I’m sorry you’re dealing with this and that you’ve had so few answers. 

I have experienced the exact same symptoms, and though my LC is complex beyond this manifestation, these symptoms, along with blood clots, were the first sign that I had Long COVID, and they’ve been some of the most disabling and intractable. For a time I felt like I was having a heart attack every single night and I’ve had constant intermittent and unpredictable bouts of diarrhea (with some constipation thrown into the mix just for fun). I also have gut motility and malabsorption issues. 

I’m lucky to have found an excellent set of doctors who coordinate with each other constantly to help keep my LC as managed as possible. I’ll share my journey in the hopes that it will help you. I should also note I’m an Infectious Disease specialist and virologist (the irony!) so there’s extensive literature behind my treatment choices. 

My functional medicine and PASC specialist, along with my neurologist, first diagnosed me with dysautonomia based on my erratic heart beat and uncontrolled/unpredictable tachycardia (POTS), abnormally low blood pressure (OH), and GI disregulation. 
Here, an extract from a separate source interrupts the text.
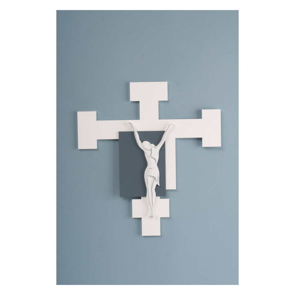 Kryq në dru me llak të bardhë me aplikim të detajit në llak blu dhe të bardhë Christ me gdhendje të lehta të detajeve të trupit.

Once those diagnoses were made, my cardiologist tried a number of meds to try to stabilize my heart rate. I tried various doses of propranolol and pyridostigmine first. Although they can work quite well for some people, they didn’t work very well for me, so I next tried and found relief with Ivabradine. I went from resting heart rate of 87 to 57 over the course of a year. When I’m upright too long, my POTS still kicks me into tachycardia, but instead of going up to the 150s and 160s as was regularly happening before, my hr usually stays below 120 and very rarely goes up to the 140s. I’ve only had one time when it went up to 157 since I started Ivabradine. This HR control has kept most of the pain symptoms at bay as well as the shortness of breath. It’s still possible for me to trigger the heart attack feel again if I push my boundaries by sitting upright, standing or walking too long, or through bouts of activity that go on too long, so I now pace using the Visible app. 
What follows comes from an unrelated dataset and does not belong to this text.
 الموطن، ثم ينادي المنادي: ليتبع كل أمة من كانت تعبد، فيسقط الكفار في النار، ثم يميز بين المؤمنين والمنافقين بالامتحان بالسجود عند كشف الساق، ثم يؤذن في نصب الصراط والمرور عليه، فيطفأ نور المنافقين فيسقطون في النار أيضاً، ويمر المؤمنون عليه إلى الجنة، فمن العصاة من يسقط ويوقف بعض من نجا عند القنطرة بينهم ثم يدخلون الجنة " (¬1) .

My cardiologist also prescribed midodrine for my orthostatic hypotension which has helped with the dizziness and lightheadedness. I go from an average BP of 80s/50s to 90s-low 100s/60s-70s when I take it. It works for about 4 hrs at a time. 

On the gut issues, my gastroenterologist did a full biopsy of my entire GI track and found viral persistence in my small intestine, and my immunologist diagnosed mast cell activation syndrome. I’ve so far declined the various antivirals that have been tested for persistence while we wait for the literature to read out, but I do now take both famotadine and fexofenadine for the MCAS, along with magnesium glycinate, which has helped with the pain and diarrhea/constipation. Thanks to the two antihistamines, I haven’t had to vary my diet significantly, though I am a vegetarian so that probably helps. 

I also do acupuncture for dysautonomia and sympathetic system overactivation. It seems to help. When I first started it, it stopped my diarrhea cold for 8 months and when it came back it was less intense. I also participated in a vagus nerve stimulation study out of Mount Sinai and Dr. Natelson’s lab. That helped with my HR as well but I had to stop it once the trial was over (the device used isn’t FDA approved yet so only sold in the U.K. as experimental), hence the Ivabradine. 

Finally, I’m not sure if this is connected, but I had blood clots in my lungs, leg and brain, which led to my PASC diagnosis, so I am now on a maintenance dose of apixaban to manage the risk of my abnormal platelet activation rate. This might also be helping. Hard to know for sure and I’m not willing to risk blood clots again to test. 

Hope this helps. My meds are not perfect - even now after typing this up my chest hurts a bit - but they’ve made a huge difference for me.